Jorge Gallardo (December 12, 1924 – April 4, 2002) was a Costa Rican painter and poet.

Gallardo's works are among the most important art collections of the Government of Costa Rica as well as many individuals, both domestic and foreign. His art is an irreverent mix in which he uses an impeccable use of color, which many have considered flat and without complexities. He painted many colorful pictures displaying topics such as agriculture in Costa Rica and the working people on landscapes.

Gallardo spent a great deal of time in Europe which is reflected in his artistic style.

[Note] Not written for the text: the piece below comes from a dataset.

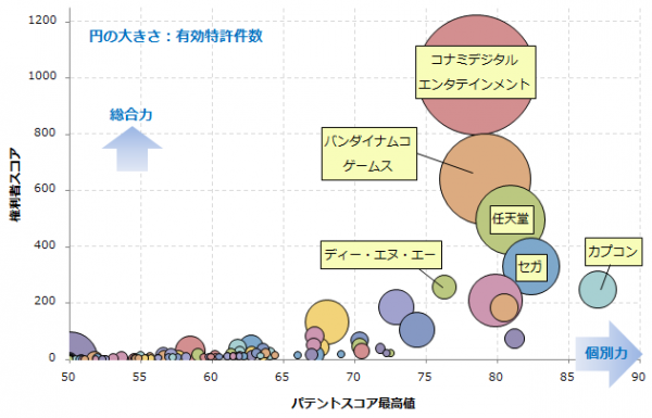 また、ディー・エヌ・エーは当該分野で12件の有効特許が見られます。これらは全て2011年以降の出願と非常に新しいものの、いずれも特許登録に至っており、権利化意欲の面から評価を大幅に上げ、5位にランクインしました。

Jorge Gallardo, called his art "Christian Realism" and published in 1968, "Art for Charity". He was noted poet and some of his writings include "La Justicia Divina" (1968); "Dar, Amanecer del Amor"(Poetry, 1974); "La Celestina Intelectualoide" (Short novel, 1975); "La Guerra Intrauterina"(Short novel, 1975); "La Pedagogía Diabólica" (Short novel, 1978).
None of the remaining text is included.